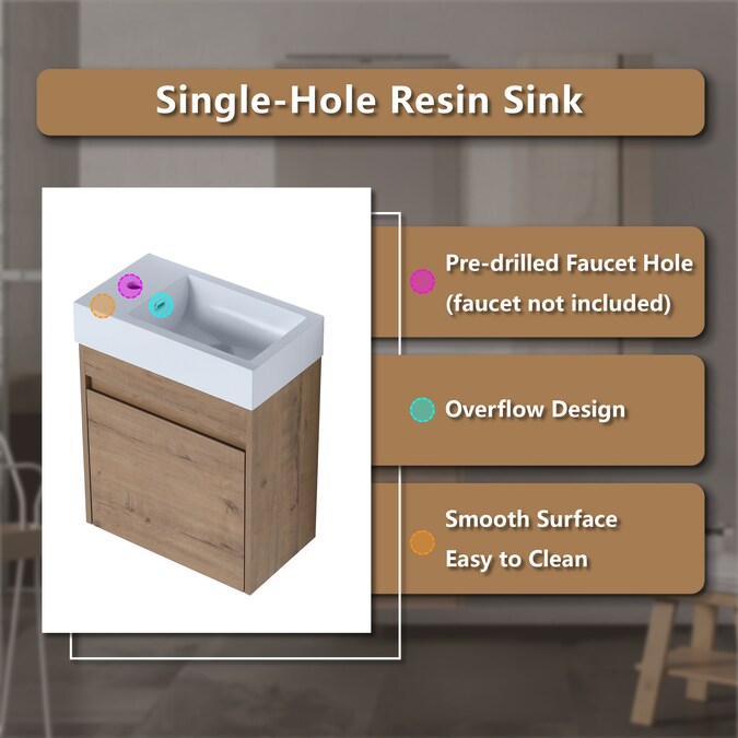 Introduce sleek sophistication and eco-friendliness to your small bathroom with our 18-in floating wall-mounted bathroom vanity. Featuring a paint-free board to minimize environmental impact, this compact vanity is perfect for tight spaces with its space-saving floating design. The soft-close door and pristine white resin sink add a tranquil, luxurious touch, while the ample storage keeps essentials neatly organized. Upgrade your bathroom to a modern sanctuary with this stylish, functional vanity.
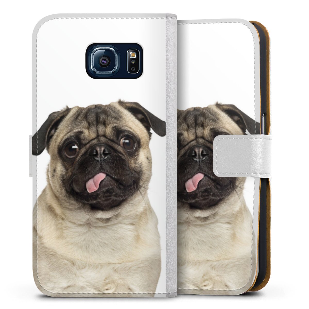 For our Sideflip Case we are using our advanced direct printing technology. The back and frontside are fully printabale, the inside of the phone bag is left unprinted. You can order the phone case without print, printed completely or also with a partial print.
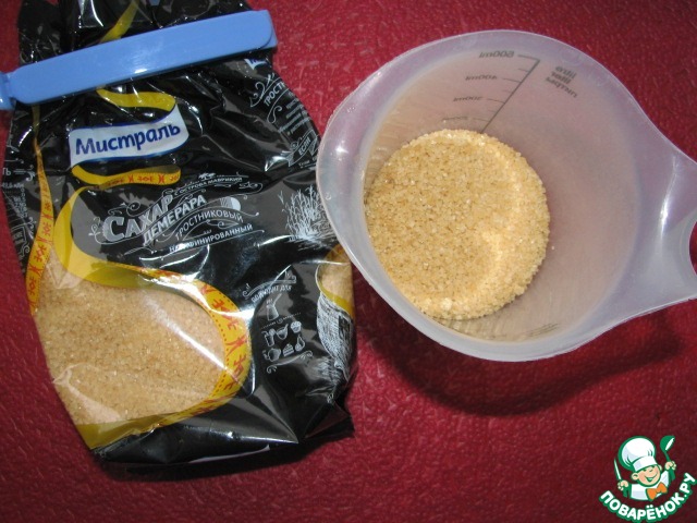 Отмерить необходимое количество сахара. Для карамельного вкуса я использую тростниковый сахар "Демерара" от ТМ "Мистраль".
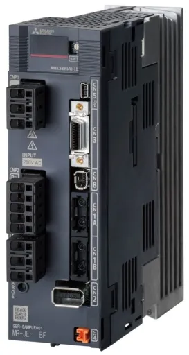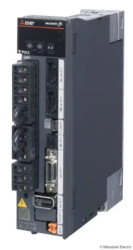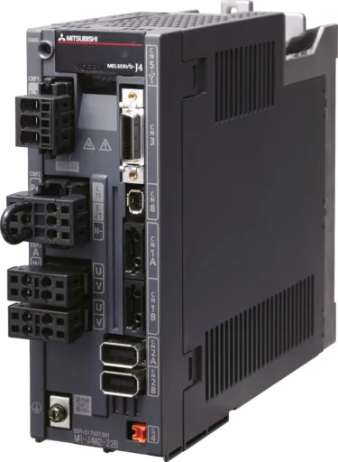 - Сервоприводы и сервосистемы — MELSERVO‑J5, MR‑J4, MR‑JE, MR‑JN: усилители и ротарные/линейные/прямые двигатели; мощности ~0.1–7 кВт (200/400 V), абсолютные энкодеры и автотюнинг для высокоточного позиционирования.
--
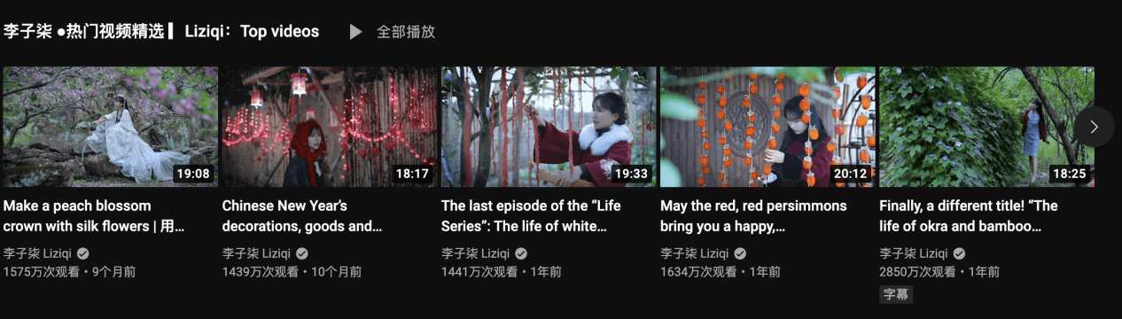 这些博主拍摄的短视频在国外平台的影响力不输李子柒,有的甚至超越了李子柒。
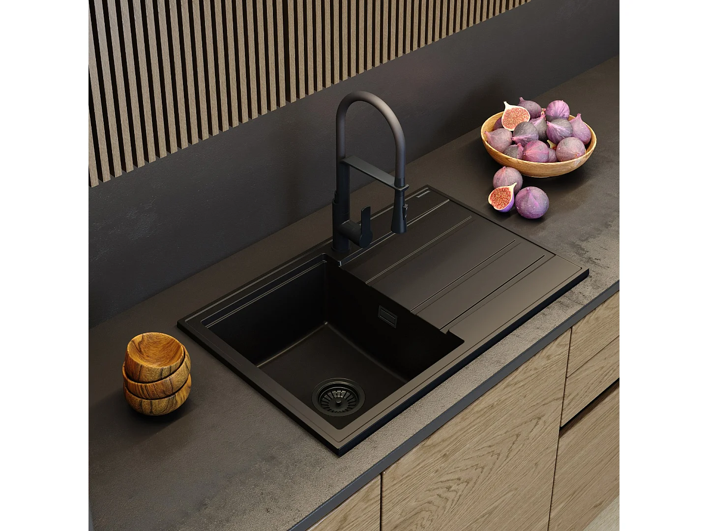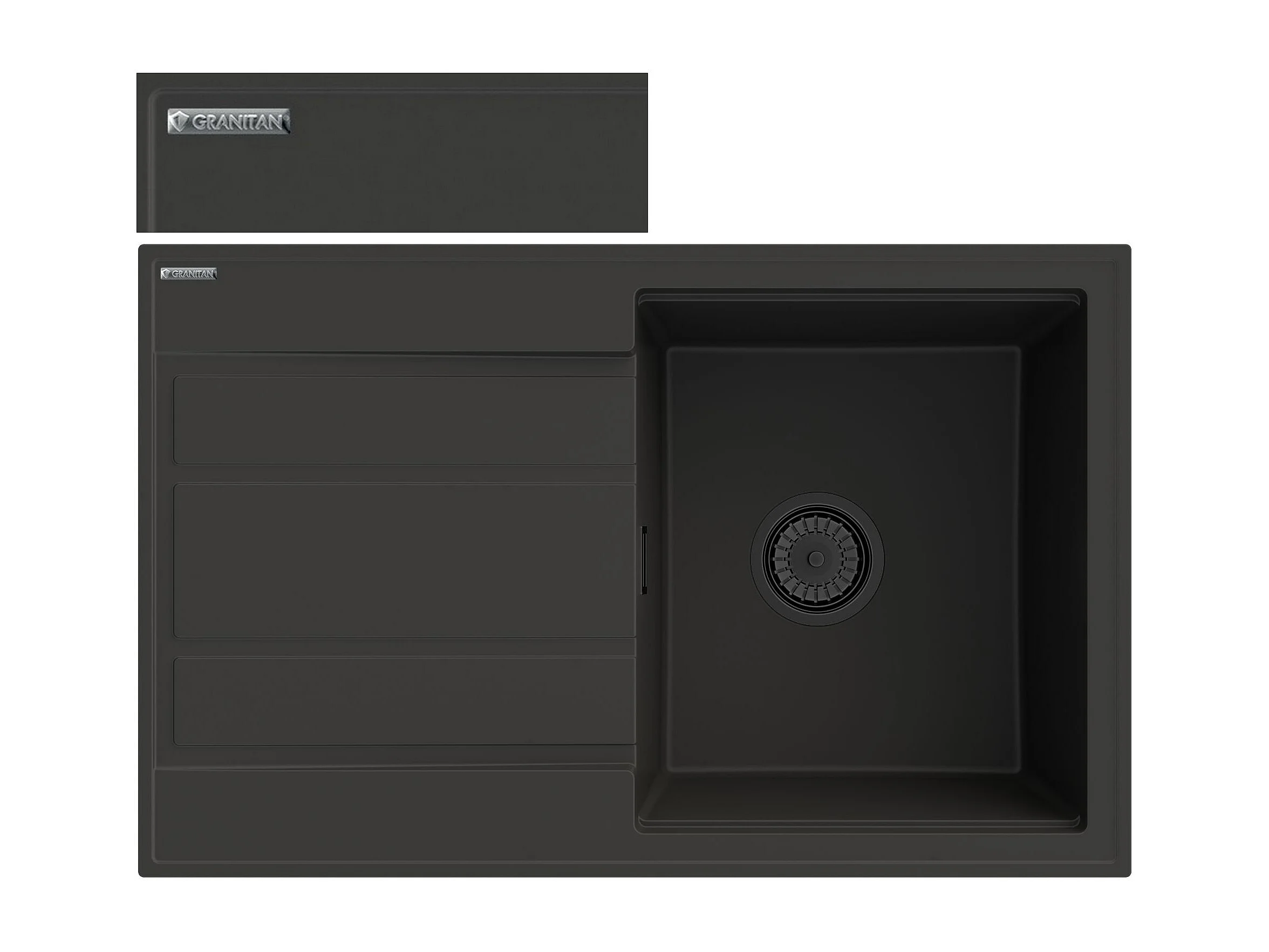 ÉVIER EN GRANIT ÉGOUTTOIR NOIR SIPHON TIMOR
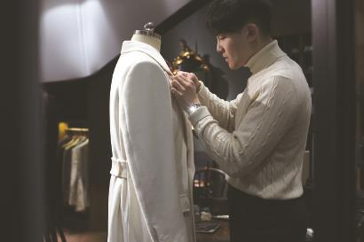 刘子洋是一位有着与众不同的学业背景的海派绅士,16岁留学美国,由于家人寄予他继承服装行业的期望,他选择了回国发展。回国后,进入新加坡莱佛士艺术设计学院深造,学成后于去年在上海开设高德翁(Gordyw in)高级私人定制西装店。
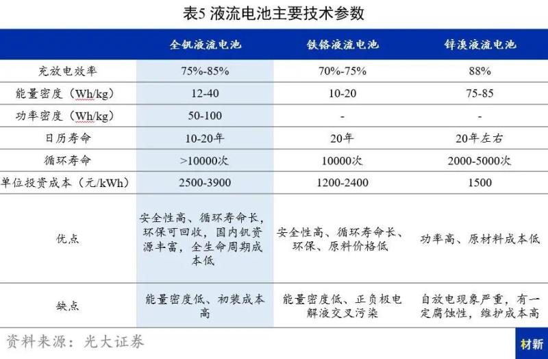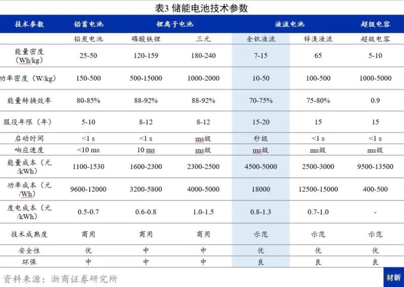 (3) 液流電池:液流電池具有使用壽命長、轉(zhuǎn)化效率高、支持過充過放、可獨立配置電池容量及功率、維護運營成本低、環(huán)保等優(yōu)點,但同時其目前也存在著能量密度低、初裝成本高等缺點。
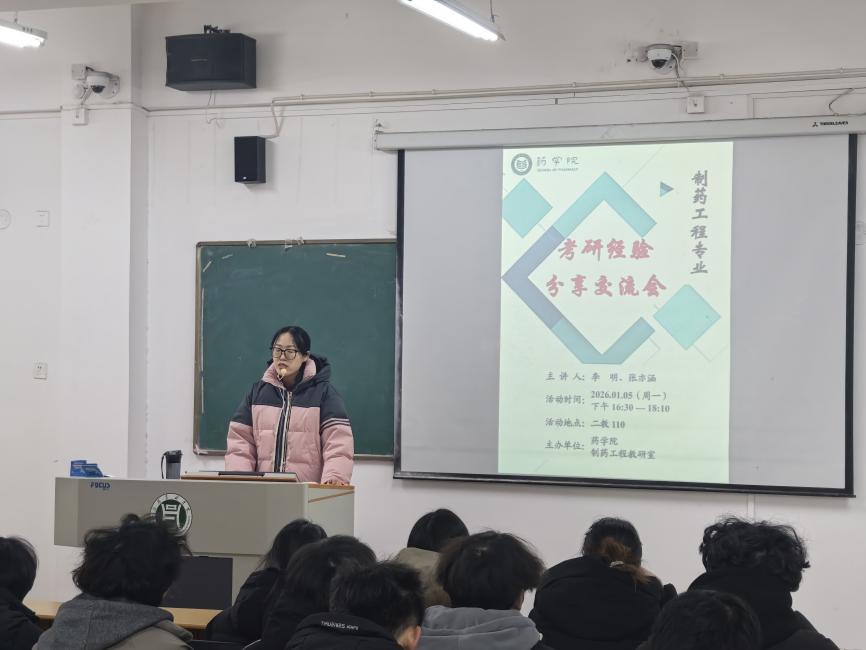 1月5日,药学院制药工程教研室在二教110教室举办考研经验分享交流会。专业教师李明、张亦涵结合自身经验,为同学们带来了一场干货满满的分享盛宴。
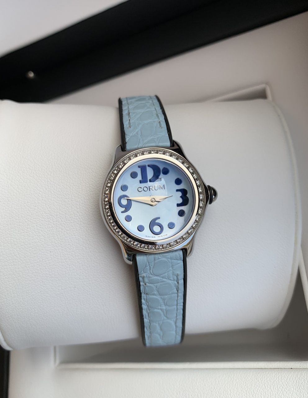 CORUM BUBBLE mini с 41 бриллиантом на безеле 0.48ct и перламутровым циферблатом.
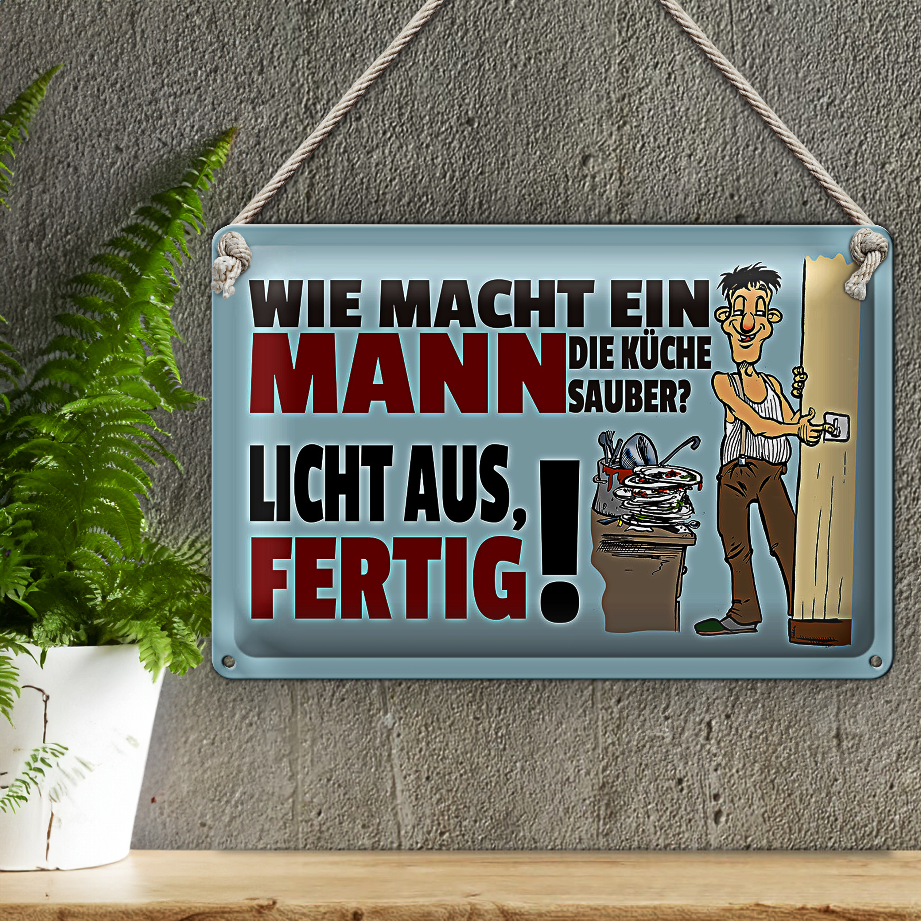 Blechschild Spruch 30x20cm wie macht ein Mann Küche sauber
--
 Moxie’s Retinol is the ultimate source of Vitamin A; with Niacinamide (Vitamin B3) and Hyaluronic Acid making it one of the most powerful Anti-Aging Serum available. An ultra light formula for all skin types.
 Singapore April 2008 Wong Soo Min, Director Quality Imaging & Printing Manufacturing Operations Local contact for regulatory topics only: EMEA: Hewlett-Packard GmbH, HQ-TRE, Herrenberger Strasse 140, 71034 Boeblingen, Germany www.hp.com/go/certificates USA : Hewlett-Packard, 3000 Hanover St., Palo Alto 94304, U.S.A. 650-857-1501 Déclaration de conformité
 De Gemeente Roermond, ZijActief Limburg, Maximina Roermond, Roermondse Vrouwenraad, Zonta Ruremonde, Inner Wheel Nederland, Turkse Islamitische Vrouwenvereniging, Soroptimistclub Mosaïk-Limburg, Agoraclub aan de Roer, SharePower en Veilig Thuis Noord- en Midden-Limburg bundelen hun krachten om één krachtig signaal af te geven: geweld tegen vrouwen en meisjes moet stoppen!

**REQUIREMENT:**
In the listing above, find the line with "For our Sideflip" and the line with "Отмерить необходимое количество". Copy exactly those lines and all between them, minus the images.

**RESPONSE FOR THIS EXERCISE:**
 For our Sideflip Case we are using our advanced direct printing technology. The back and frontside are fully printabale, the inside of the phone bag is left unprinted. You can order the phone case without print, printed completely or also with a partial print.
 Отмерить необходимое количество сахара. Для карамельного вкуса я использую тростниковый сахар "Демерара" от ТМ "Мистраль".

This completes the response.